O **Conselho Monetário Nacional (CMN)** aprovou, na última quinta-feira (22), importantes mudanças no estatuto do **Fundo Garantidor de Créditos (FGC)**. As alterações permitem que o fundo adote medidas de **socorro a instituições financeiras** em situação de crise, mesmo antes que o **Banco Central (BC)** decrete sua **liquidação**. Esta nova prerrogativa visa ampliar os instrumentos de atuação do **FGC**, contribuindo para a estabilidade do sistema financeiro.
Novas Atribuições e Mecanismos de Intervenção
Com as novas regras, o **FGC** poderá intervir em casos de “**dificuldade financeira relevante**” reconhecida pelo **BC**, flexibilizando as operações de assistência que, anteriormente, se restringiam a cenários pós-liquidação. Entre os mecanismos autorizados agora estão operações de mudança de controle da instituição em crise ou a **transferência de ativos e passivos**, como carteiras de crédito e depósitos, para outras instituições. O objetivo primordial é evitar a interrupção de serviços aos clientes, reduzir os custos de uma eventual quebra e minimizar o impacto sobre o próprio fundo e os **riscos sistêmicos** no **Sistema Financeiro Nacional**.

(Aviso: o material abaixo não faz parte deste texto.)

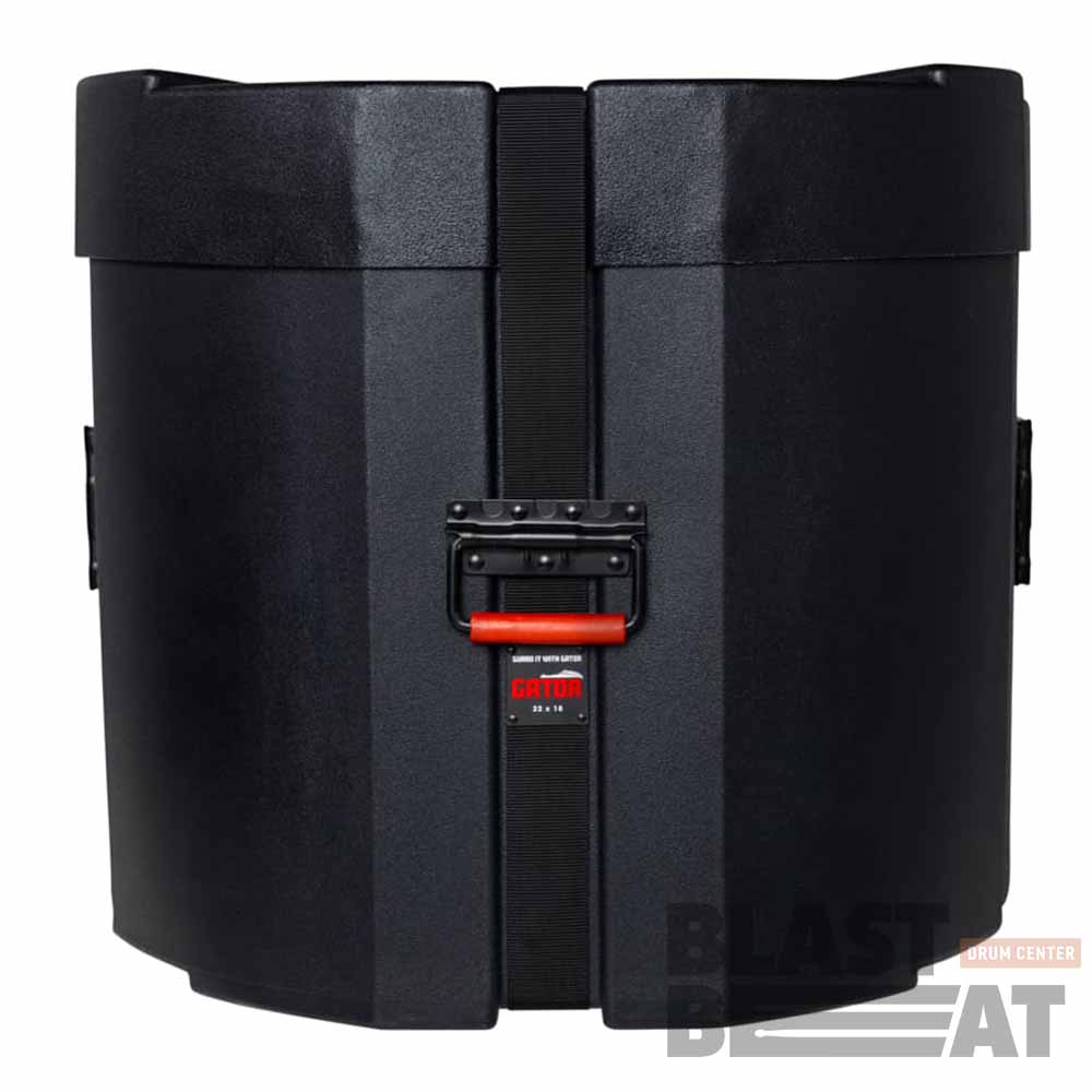 Черный противоударный кейс из литого под давлением материала Gator Grooves с красной подкладкой для бас-барабана 22" x 18".
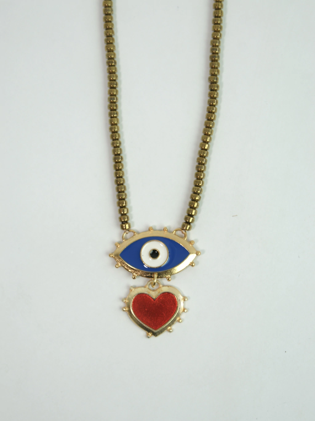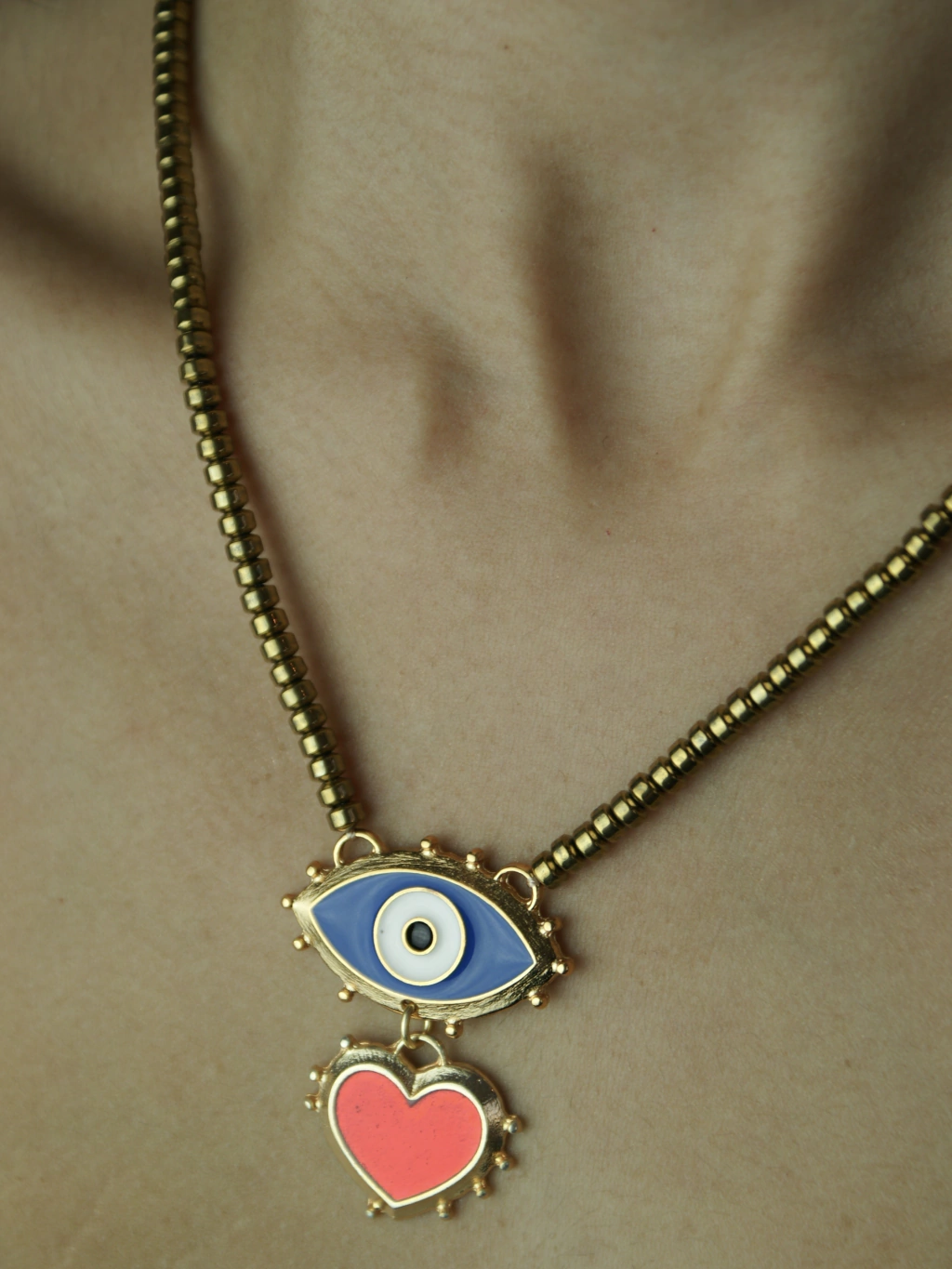 Apresentamos o Colar Aurea, uma joia que exala elegância e significado. Composto por hematita de alta qualidade, este colar é adornado com pingentes banhados a ouro 18k em formatos encantadores de olho grego e coração, trazendo proteção e amor a quem o usa.

O Contexto das Mudanças e o Impacto no FGC
As alterações no estatuto ocorrem em um cenário de desafios, como a crise do grupo Master, liquidado em novembro de 2025, cujo impacto potencial para o **FGC** pode alcançar R$ 50 bilhões, o maior valor já registrado. As medidas buscam, assim, fortalecer a capacidade de resposta do fundo e alinhar-se a **padrões internacionais** de proteção aos depositantes e investidores.
Outras Alterações e Transparência
O **CMN** também aprovou mudanças que permitem ao conselho de administração do **FGC** propor aumentos ou reduções nas **contribuições** das instituições associadas, sujeito à análise do **BC** e decisão do próprio **CMN**. Para mitigar impactos na liquidez, o **FGC** poderá antecipar **contribuições** em até cinco anos e instituir cobranças extraordinárias. Atualmente, não há discussões sobre elevação das alíquotas de **contribuição**.
Um ponto crucial é o estabelecimento de um **prazo de pagamento de garantias** de no máximo três dias, contado a partir do recebimento das informações dos liquidantes, agilizando o ressarcimento aos investidores. As mudanças incluem, ainda, regras mais claras para envio e correção de dados, além de maior transparência, com a divulgação pública do saldo de instrumentos cobertos por cada instituição associada. O **FGC** garante até R$ 250 mil por CPF ou CNPJ, por instituição financeira, em depósitos e **créditos cobertos**, protegendo correntistas e investidores.